-- EXERCISE INSTRUCTIONS --
The whole listing that follows is to be restated word for word, images excluded.

-- DATASET SECTION --
BEGIN
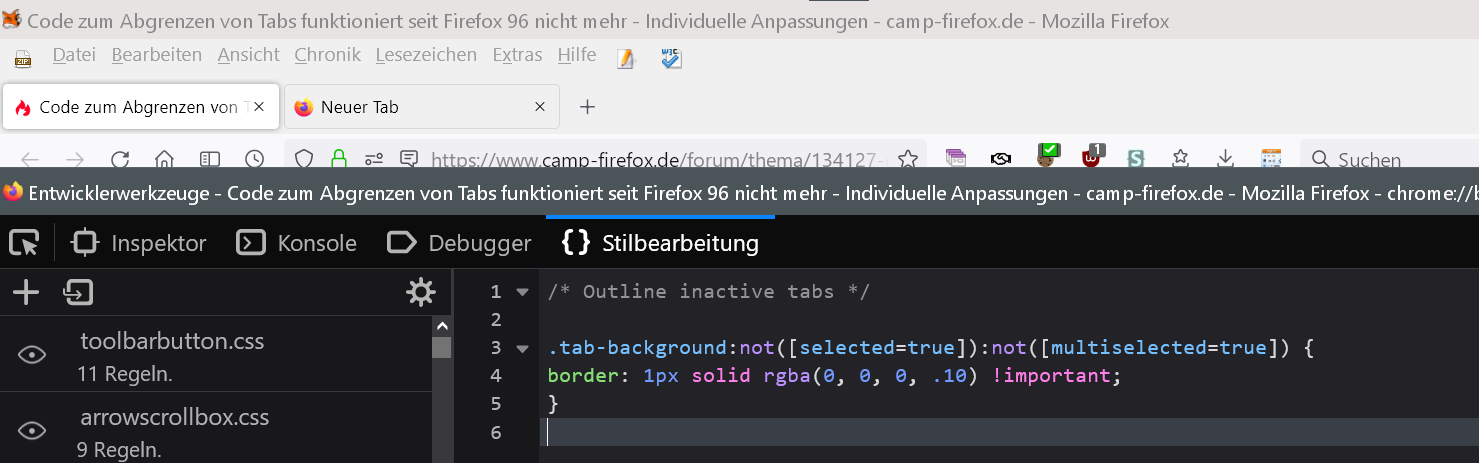Code zum Abgrenzen von Tabs funktioniert seit Firefox 96 nicht mehr
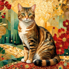 Vibrant Illustration of a Tabby Cat with Flowers
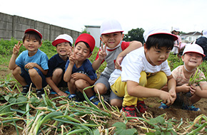 坂戸市にある農家さんよりたくさんのねぎをいただき、年長組のお兄さんとお姉さんが苗植えに行ってきました!
END
-- ANSWER SPACE --
Code zum Abgrenzen von Tabs funktioniert seit Firefox 96 nicht mehr
 Vibrant Illustration of a Tabby Cat with Flowers
 坂戸市にある農家さんよりたくさんのねぎをいただき、年長組のお兄さんとお姉さんが苗植えに行ってきました!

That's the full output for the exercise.